On 6/1/2022 4:22 AM, Alex Williamson wrote:
> On Tue, 31 May 2022 16:43:04 -0300
> Jason Gunthorpe <jgg@xxxxxxxxxx> wrote:
> 
>> On Tue, May 31, 2022 at 05:44:11PM +0530, Abhishek Sahu wrote:
>>> On 5/30/2022 5:55 PM, Jason Gunthorpe wrote:  
>>>> On Mon, May 30, 2022 at 04:45:59PM +0530, Abhishek Sahu wrote:
>>>>   
>>>>>  1. In real use case, config or any other ioctl should not come along
>>>>>     with VFIO_DEVICE_FEATURE_POWER_MANAGEMENT ioctl request.
>>>>>  
>>>>>  2. Maintain some 'access_count' which will be incremented when we
>>>>>     do any config space access or ioctl.  
>>>>
>>>> Please don't open code locks - if you need a lock then write a proper
>>>> lock. You can use the 'try' variants to bail out in cases where that
>>>> is appropriate.
>>>>
>>>> Jason  
>>>
>>>  Thanks Jason for providing your inputs.
>>>
>>>  In that case, should I introduce new rw_semaphore (For example
>>>  power_lock) and move ‘platform_pm_engaged’ under ‘power_lock’ ?  
>>
>> Possibly, this is better than an atomic at least
>>
>>>  1. At the beginning of config space access or ioctl, we can take the
>>>     lock
>>>  
>>>      down_read(&vdev->power_lock);  
>>
>> You can also do down_read_trylock() here and bail out as you were
>> suggesting with the atomic.
>>
>> trylock doesn't have lock odering rules because it can't sleep so it
>> gives a bit more flexability when designing the lock ordering.
>>
>> Though userspace has to be able to tolerate the failure, or never make
>> the request.
>>

 Thanks Alex and Jason for providing your inputs.

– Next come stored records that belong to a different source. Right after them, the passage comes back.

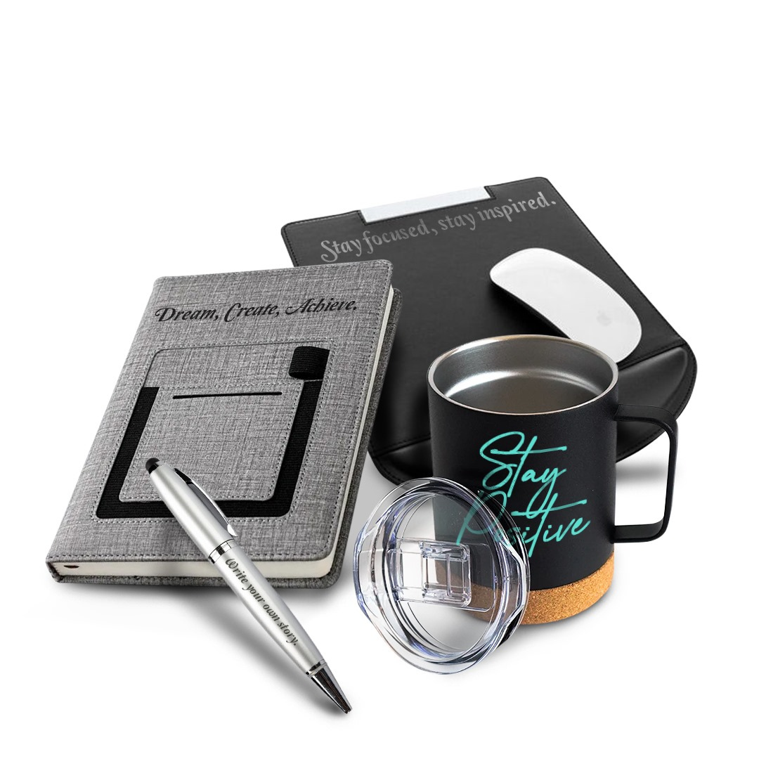 An elegant office gift set that includes an inspirational notebook, a desk mug, and a high-quality pen. Perfect for employees and managers,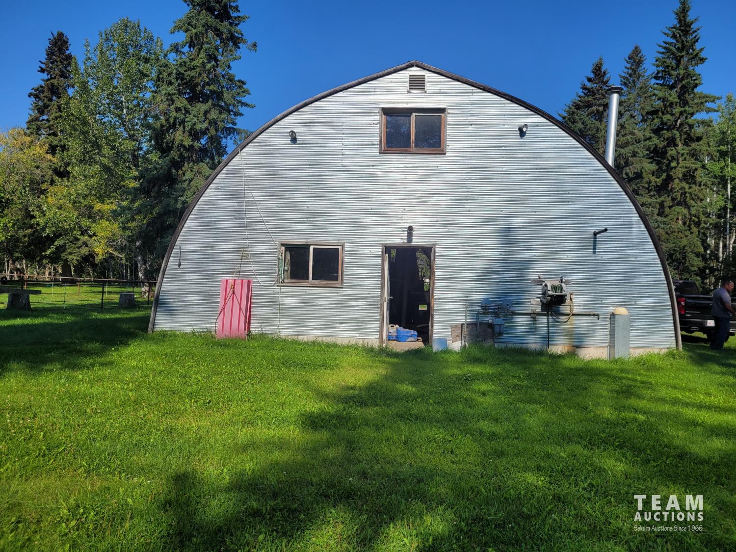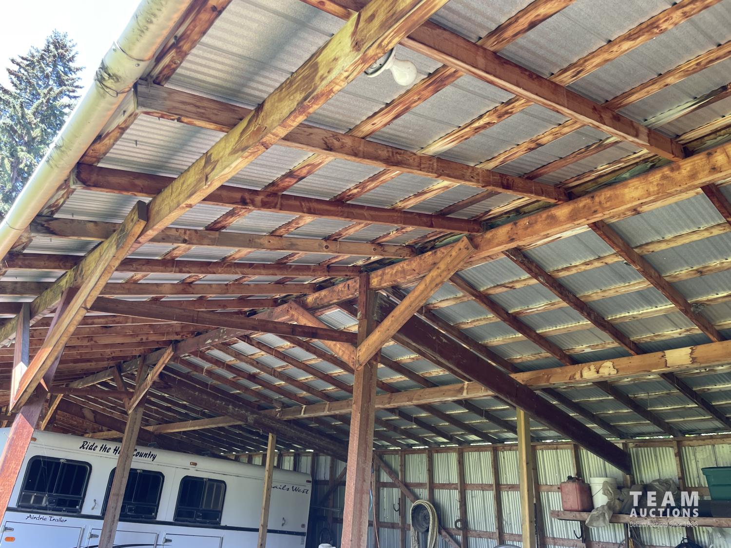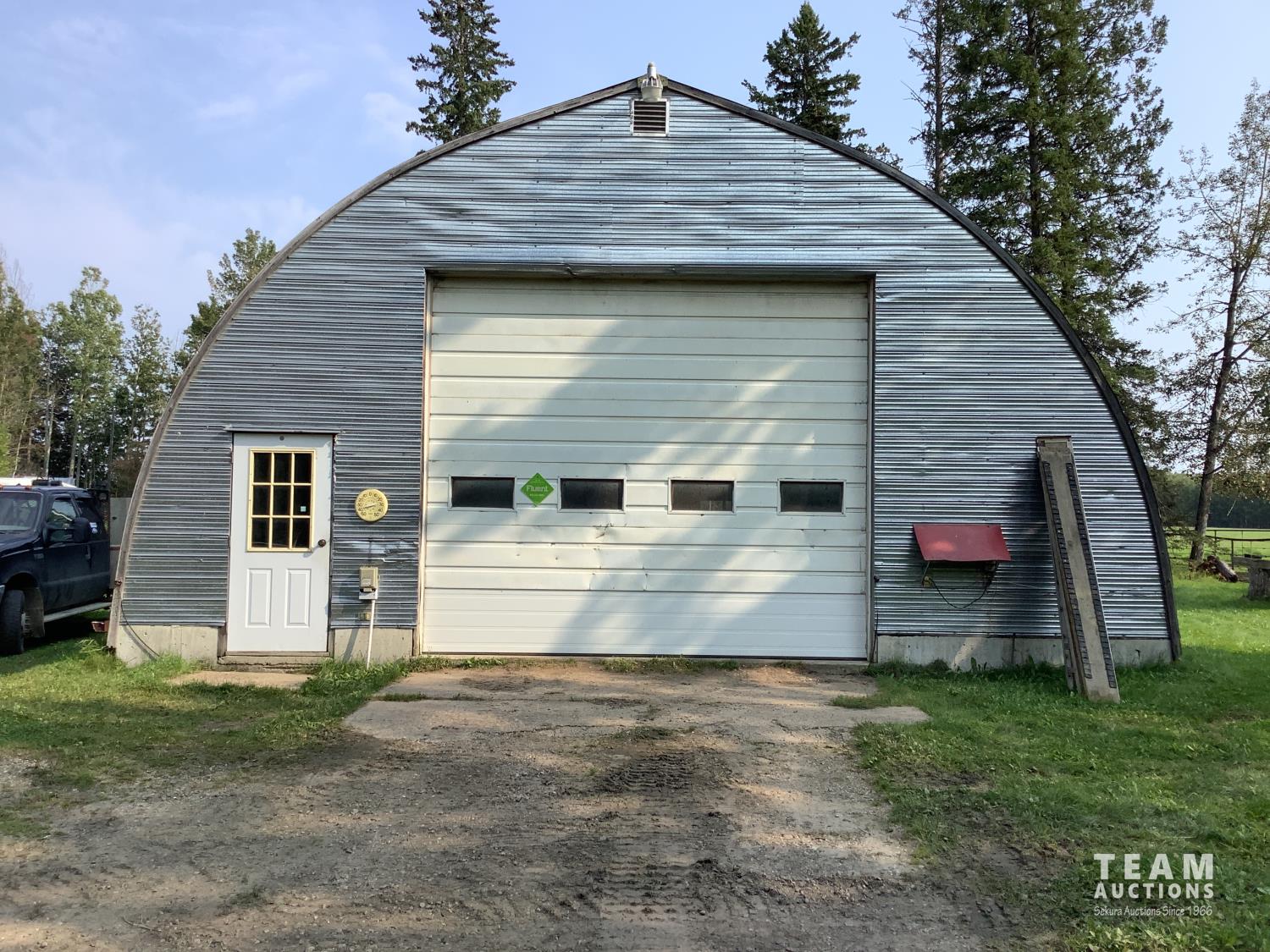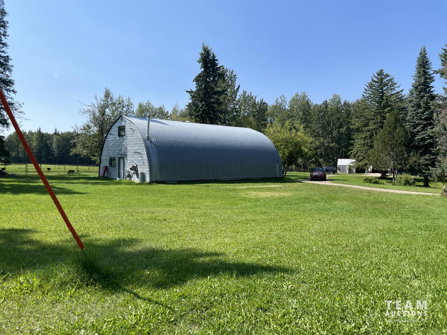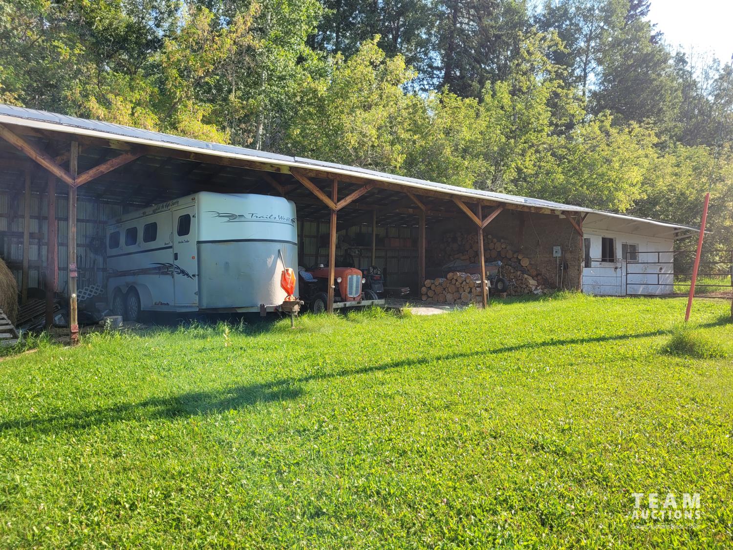 Gazebo/Firepit Amazing covered area overlooking the Pembina River Whirly bird on roof above firepit aids in clearing any smoke. Concrete floor in firepit portion Plank floor in river viewing area. 32 X 48 Ft Quonset Shop Heated, insulated Two-piece bath Small mezzanine Overhead door Open faced Five-bay Machinery Storage Taller RV storage bay on west end, Power Small Barn Tack area Double tie stall Single tie stall Large box stall with its own exit gate to paddock Floor drain for ease in cleaning Power Concrete floor Garden Shed Two room Character wood floor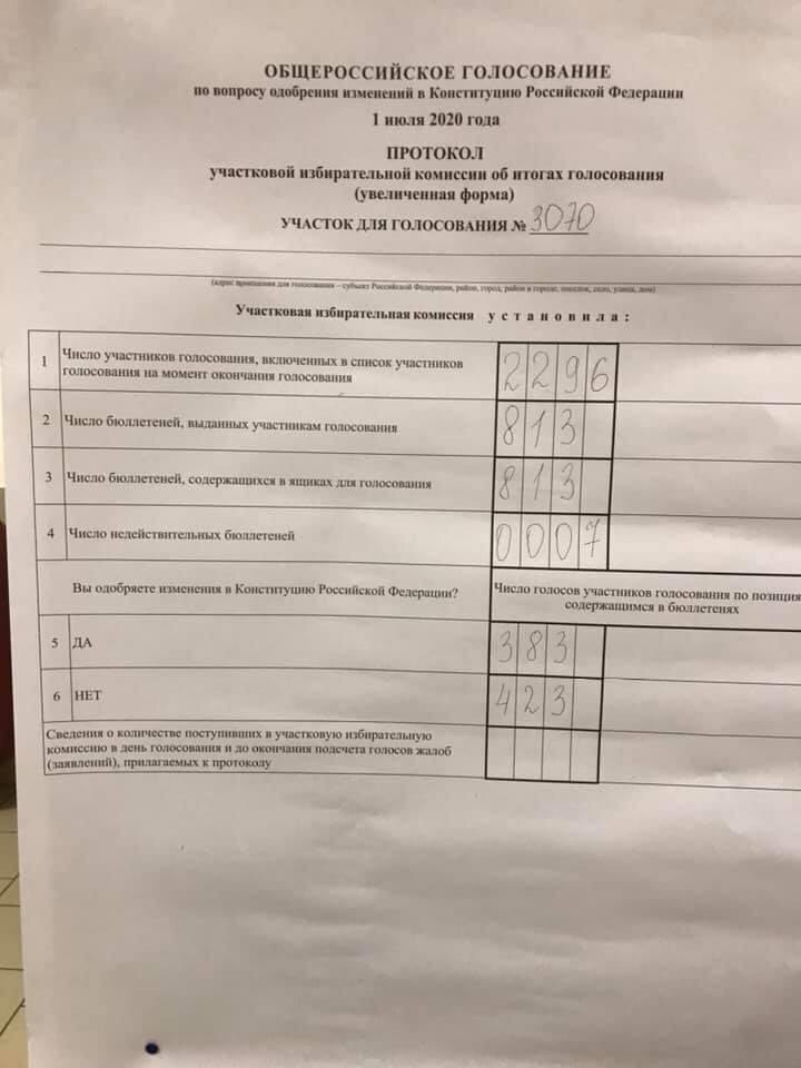 Очень много где проголосовали против поправок либо чуть меньше чем за. Это фотографии протоколов с УИКов ( студенты, в студгородке 70% против),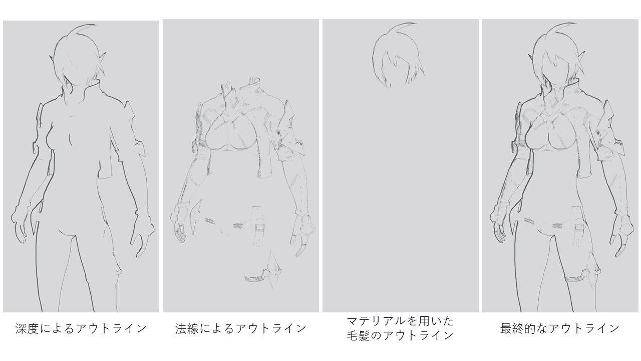 また、ShaderIDを用いて、「顔と毛髪以外は法線によるアウトラインを使用する」、「毛髪のみ、マテリアルによるアウトラインを使用する」と、カテゴリ毎に分けて使用することで、アウトラインを描画するようにしました。 下記が、それぞれの情報を用いて輪郭線の抽出を行った結果になります。

 Using down_read_trylock() along with Alex suggestion seems fine.
 In real use case, config space access should not happen when the
 device is in low power state so returning error should not
 cause any issue in this case.

>>>          down_write(&vdev->power_lock);
>>>          ...
>>>          switch (vfio_pm.low_power_state) {
>>>          case VFIO_DEVICE_LOW_POWER_STATE_ENTER:
>>>                  ...
>>>                          vfio_pci_zap_and_down_write_memory_lock(vdev);
>>>                          vdev->power_state_d3 = true;
>>>                          up_write(&vdev->memory_lock);
>>>
>>>          ...
>>>          up_write(&vdev->power_lock);  
>>
>> And something checks the power lock before allowing the memor to be
>> re-enabled?
>>
>>>  4.  For ioctl access, as mentioned previously I need to add two
>>>      callbacks functions (one for start and one for end) in the struct
>>>      vfio_device_ops and call the same at start and end of ioctl from
>>>      vfio_device_fops_unl_ioctl().  
>>
>> Not sure I followed this..
> 
> I'm kinda lost here too.


 I have summarized the things below

 1. In the current patch (v3 8/8), if config space access or ioctl was
    being made by the user when the device is already in low power state,
    then it was waking the device. This wake up was happening with
    pm_runtime_resume_and_get() API in vfio_pci_config_rw() and
    vfio_device_fops_unl_ioctl() (with patch v3 7/8 in this patch series).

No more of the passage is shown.